# Exercise
Reproduce exactly, from the data that follows, the line with "CC Zip Card", the line with "Custom black hat", and every line that lies between them.

(Records for the exercise begins)

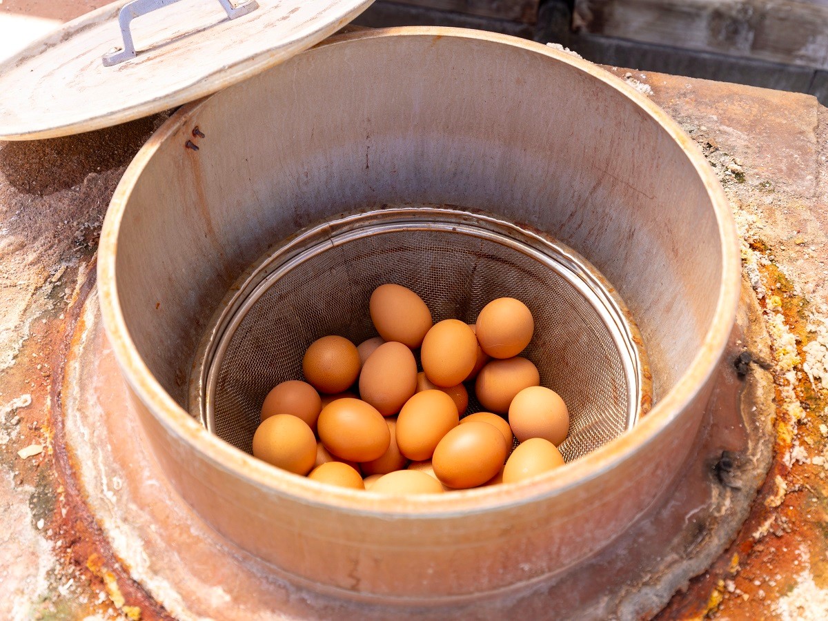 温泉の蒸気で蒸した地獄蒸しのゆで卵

(Records for the exercise ends)
(Records for the exercise begins)

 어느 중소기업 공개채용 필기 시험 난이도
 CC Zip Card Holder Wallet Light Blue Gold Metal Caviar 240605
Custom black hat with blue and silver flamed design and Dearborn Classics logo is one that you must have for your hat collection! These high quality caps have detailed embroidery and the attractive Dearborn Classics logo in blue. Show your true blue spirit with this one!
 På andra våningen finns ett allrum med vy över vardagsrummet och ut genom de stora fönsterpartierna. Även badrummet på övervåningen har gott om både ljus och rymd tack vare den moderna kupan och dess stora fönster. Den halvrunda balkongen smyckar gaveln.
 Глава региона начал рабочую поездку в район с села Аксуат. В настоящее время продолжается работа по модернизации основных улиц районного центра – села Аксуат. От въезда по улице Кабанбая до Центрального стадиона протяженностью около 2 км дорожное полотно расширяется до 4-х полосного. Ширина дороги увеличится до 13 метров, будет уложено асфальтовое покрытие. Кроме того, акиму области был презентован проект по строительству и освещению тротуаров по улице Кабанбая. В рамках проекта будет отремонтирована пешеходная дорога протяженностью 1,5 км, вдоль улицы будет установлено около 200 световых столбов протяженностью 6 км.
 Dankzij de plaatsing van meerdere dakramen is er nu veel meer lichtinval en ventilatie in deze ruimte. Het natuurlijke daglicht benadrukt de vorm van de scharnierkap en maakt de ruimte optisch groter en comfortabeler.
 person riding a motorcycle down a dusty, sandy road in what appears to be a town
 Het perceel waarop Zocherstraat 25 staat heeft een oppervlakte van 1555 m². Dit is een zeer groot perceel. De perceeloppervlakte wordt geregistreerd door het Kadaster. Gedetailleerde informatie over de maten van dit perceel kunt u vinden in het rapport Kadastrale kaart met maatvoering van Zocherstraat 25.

(Records for the exercise ends)

# Exercise response
 CC Zip Card Holder Wallet Light Blue Gold Metal Caviar 240605
Custom black hat with blue and silver flamed design and Dearborn Classics logo is one that you must have for your hat collection! These high quality caps have detailed embroidery and the attractive Dearborn Classics logo in blue. Show your true blue spirit with this one!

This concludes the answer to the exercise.